Apache Spark and the Rise of Big Data

Apache SparkThe idea of Big Data as we know it today was introduced in 2005, when Yahoo! built the Hadoop operating system utilizing Google’s MapReduce programming method for dealing with large sets of data. However, it was 2010’s introduction of Apache Spark as an open source project that really accelerated the ability to process extremely large data sets and gave rise to true Big Data solutions as we know them today.

Like MapReduce, Spark is a method for processing data that can be run in a distributed computing cluster framework like Hadoop. But, Spark can run much faster, partly because of its ability to run in-memory, while MapReduce writes back to the disk after each action it performs.

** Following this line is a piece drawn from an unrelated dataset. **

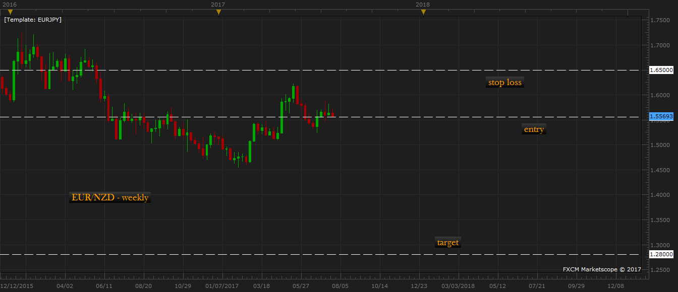 In July 2016, in the article named, “FxWirePro long term outlook: Euro likely to decline 2800 pips to 1.28 against Kiwi”, available at http://www.econotimes.com/, we recommended going short on the euro against the New Zealand dollar at 1.556 area with a target around 1.28.

MapReduce basically operates as a linear operation. Kirk Borne, principal data scientist at Booz Allen Hamilton, describes it this way, “The MapReduce workflow looks like this: read data from the cluster, perform an operation, write results to the cluster, read updated data from the cluster, perform next operation, write next results to the cluster, etc..”

In contrast, Apache Spark enables programmers to develop more complex, multi-step data processing pipelines. Instead of being deployed linearly, Spark workflows can follow a directed acyclic graph (DAG) pattern, which allows for multiple processing steps to be executed simultaneously. Spark can also hold its results in memory rather than writing them to disk, which is useful when running analysis on the same dataset multiple times — like you might want to do when analyzing a large document repository.

The bottom line is that Spark can run up to 100 times faster in memory and 10 times faster when running on a disk than MapReduce. It’s this type of functionality that enabled Ephesoft to build our Insight Big Documents platform. Insight is designed to utilize up to 16 characteristics of a document to automatically classify and extract information from it. And we are targeting Insight at repositories containing hundreds of thousands, millions, and even billions of pages. Insight is designed to provide real-time results to users searching through and analyzing the contents of these documents.

Apache Spark running on Hadoop is new to all of us at Ephesoft, our partners, and our customers. So, it was a very bold decision for us to pick this platform to build Insight on. Would it have been easier to develop Insight on a SQL database using data processing tools that were more familiar to us? Certainly, it would have been possible, but we wouldn’t have had everything we wanted. Easier is not always the right decision, especially when related to innovation. Sometimes in order to innovate, you need to do the right thing, not the easiest, which is what we feel we did with Insight.

We introduced Insight in 2015 and have started to bring it to market this year. The early feedback we’ve received, including a strategic investment from In-Q-Tel, which works closely with the U.S. intelligence community to identify innovative technology, leads us to believe we have taken the right approach by investing in developing on the Spark platform. It not only meets our needs of today, but offers plenty of power as we move forward with advanced document processing applications.